--- START ---
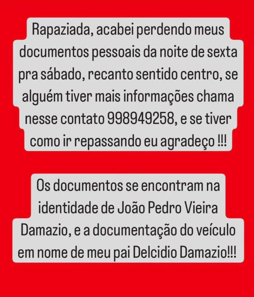 DOCUMENTOS PERDIDOS – João Pedro Vieira Damazio
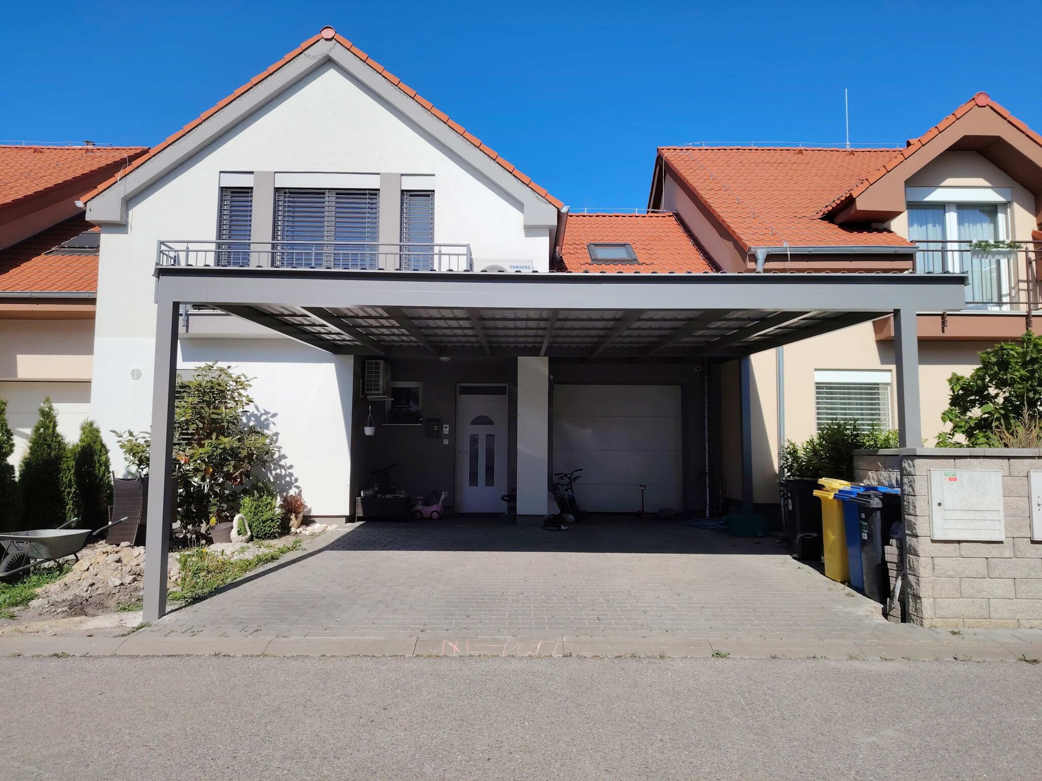 - pergola na auto s pevným izolovaným panelom
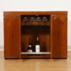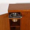 Plenty of storage, great details and beautiful teak make this compact rolling bar a winning selection. The side doors open with a circular chrome pull. Behind the left door is a built in ice bucket that slides out. Behind the right door and the central locking doors are shelving. The top slides open to reveal a laminated serving surface. Bring this out at your next party and let the good times roll.
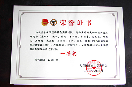 社会暑期“三下乡”实践活动“优秀团队”奖状
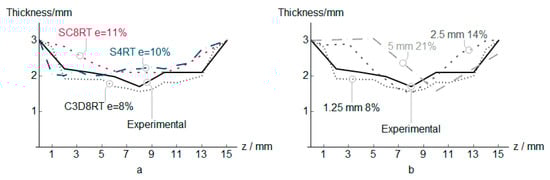 PVC sheet thickness estimation for different element types (a) and C3D8RT sizes (b).
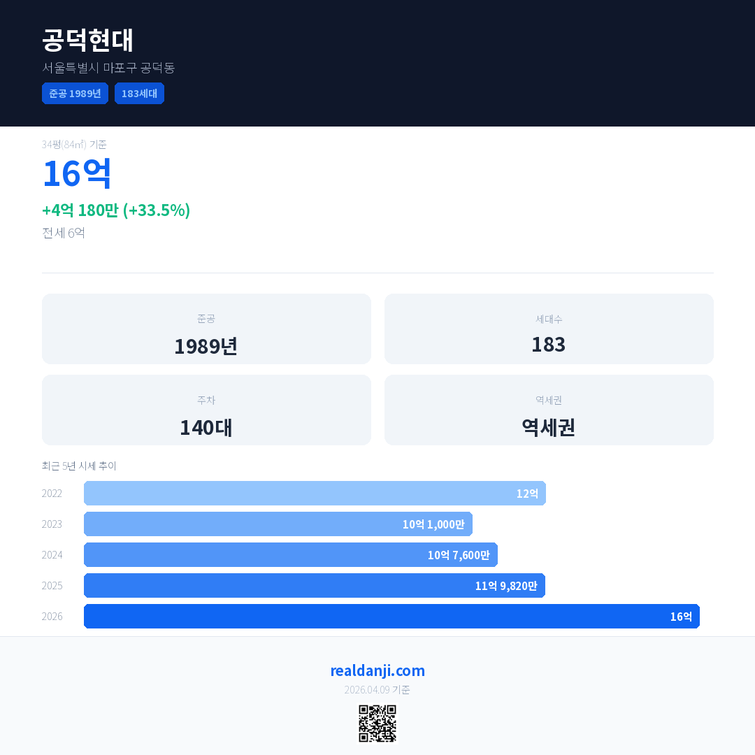 공덕현대 최근 거래가는 16억입니다. (2026-02)
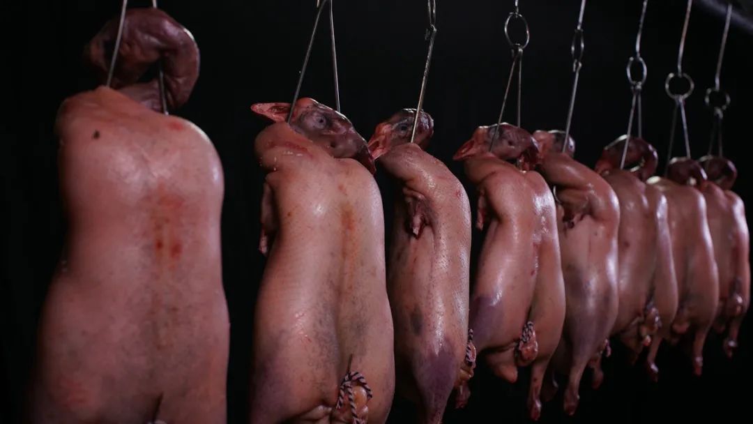 其中最为吸引人的一步,便是充气。要让烧鹅拥有饱满的外观,就需要注意烧鹅技术的前期处理,比如充气、缝针、烫皮等步骤,特别是充气环节,要做到皮肉分离,表皮得到充分鼓起,这样烧鹅的外形就会展现出饱满的状态,烧鹅打气打得好,对以后如何控制烧鹅的色泽和脆皮有很大的帮助,也是烧鹅体形塑造的关键步骤。
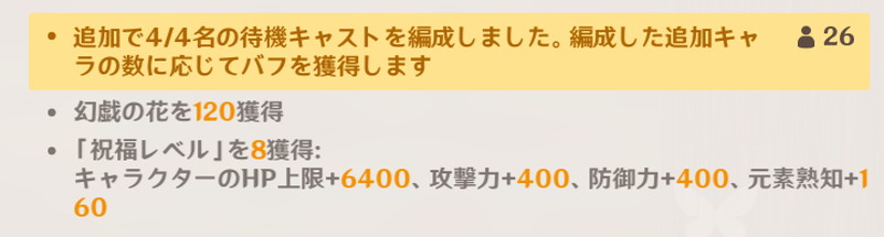 編成したキャラの数に応じてバフがかかる仕組みなので、育ってないからと編成キャラを減らすのは得策ではない。
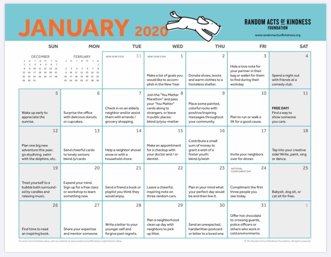 In this new year I would like to bring a focus. I see ‘words of the year’ all over social media and thought it would be a good idea to try it out for myself. The word for 2020 is Lykke, the Danish word for happiness. As one of my new years goals is to become a RAKtivist I thought it would be appropriate to use a word that would tie in with the idea of kindness. A RAKtivist is a person who commonly displays random acts of kindness. You can sign up on the Random Acts Of Kindness website and get a free calendar for each month. It is quite unrealistic for me to aim to do one random act of kindness a day but doing it sometimes is better than nothing.
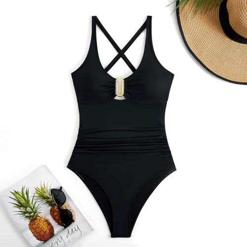 • [Features]The women’s one-piece swimsuit skillfully combines functionality with style, featuring a stylish U-shaped metal accent at the front for added elegance. The elegant wrap-around long skirt provides coverage while accentuating your silhouette, designed with a full-body retro look.
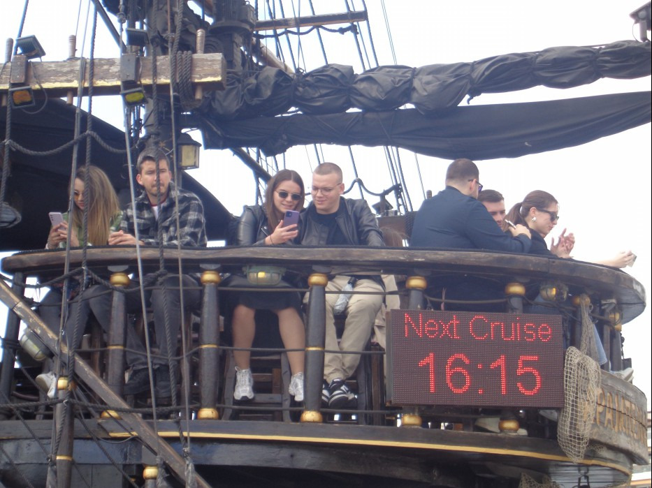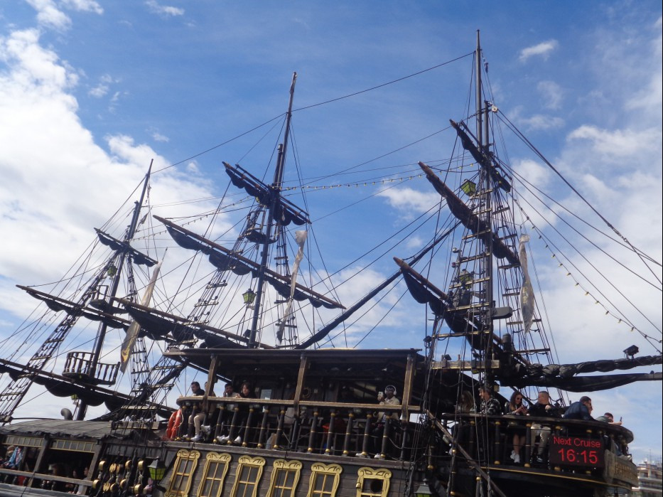 바닷가에는 특이하게도 근세 시대의 유물인 해적선이 한척 정박해 있는데..... 배 위에는 보니 많은 사람들이
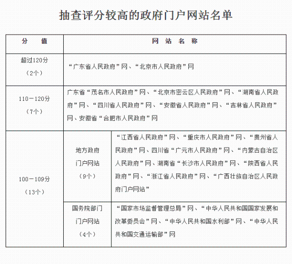 1.抽查评分较高的政府门户网站名单
--- END ---
-- Directions for this task --
Starting with the line above that holds "Plenty of storage, great", restate each line word for word up to and including the line that holds "PVC sheet thickness". Drop the pictures.

-- Exercise result --
 Plenty of storage, great details and beautiful teak make this compact rolling bar a winning selection. The side doors open with a circular chrome pull. Behind the left door is a built in ice bucket that slides out. Behind the right door and the central locking doors are shelving. The top slides open to reveal a laminated serving surface. Bring this out at your next party and let the good times roll.
 社会暑期“三下乡”实践活动“优秀团队”奖状
 PVC sheet thickness estimation for different element types (a) and C3D8RT sizes (b).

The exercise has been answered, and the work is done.